Over 54 years after the assassination of US president John F. Kennedy, the speech he was to deliver in Dallas on 22 November 1963 can be heard thanks to the work of a team of engineers at Scotland-based audio technology company.
CereProc teamed up with The Times newspaper (as part of its Unsilenced project) and Irish creative agency Rothco to build a database that has been used to deliver the speech in the late president’s voice.
Over 830 speeches and 116,777 phonetic sound units were researched for the project in the run up to the centenary of Kennedy’s birth.
Kennedy was shot as his motorcade travelled through Dallas en route to make a speech at the Trade Mart.
The text of that speech was kept and given to a local businessman by Kennedy’s vice-president Lyndon B. Johnson.
The Times released the new version of the speech on its website 16 March.
Cereproc built the monologue entirely out of data, using AI. It is a world first for the speech to be recreated in the president’s voice and was pieced together by analysing analogue recordings. The audio was then finessed at post production company, Screen Scene.
“As part of Accenture Interactive, we really believe that now is the time for creative ideas to become world class brand experiences. We all crave great experiences, so brands like The Times that embrace this consumer want, will reap the rewards,” said Patrick Hickey, CEO of Rothco.

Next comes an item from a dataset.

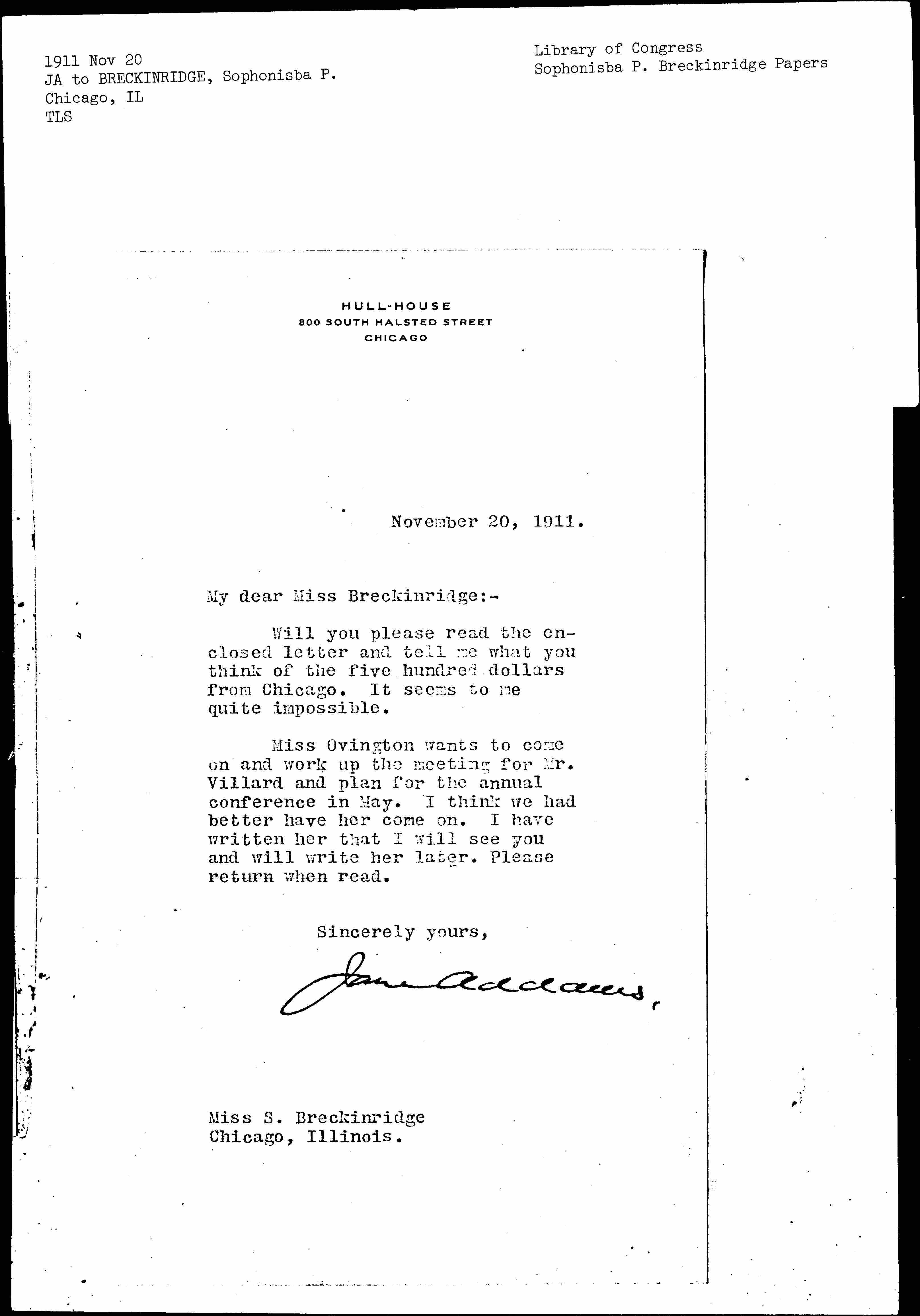 Jane Addams. [signed]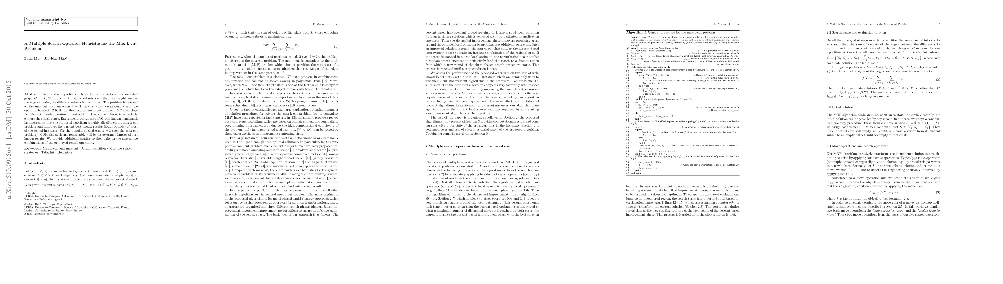 This paper introduces a multiple operator heuristic (MOH) for the max-k-cut problem, employing five distinct search operators to partition graph vertices into $k$ subsets to maximize edge weight sum across partitions. Experiments demonstrate MOH's effectiveness, improving current best known results on benchmark instances and achieving notable improvements for the max-cut problem.

‘JFK Unsilenced’ launches 16 March 2018, as a 22-minute video on the broadsheet’s website. To find out more about the project, visit The Times.
Edinburgh-based CereProc claims to have developed the world’s most advanced text to speech technology, where voices not only sound real, they have character, making them suitable for any application that requires speech output.
CereProc chief voice engineer, Chris Pidcock, said it was the first time that the company’s technology had been used in this way.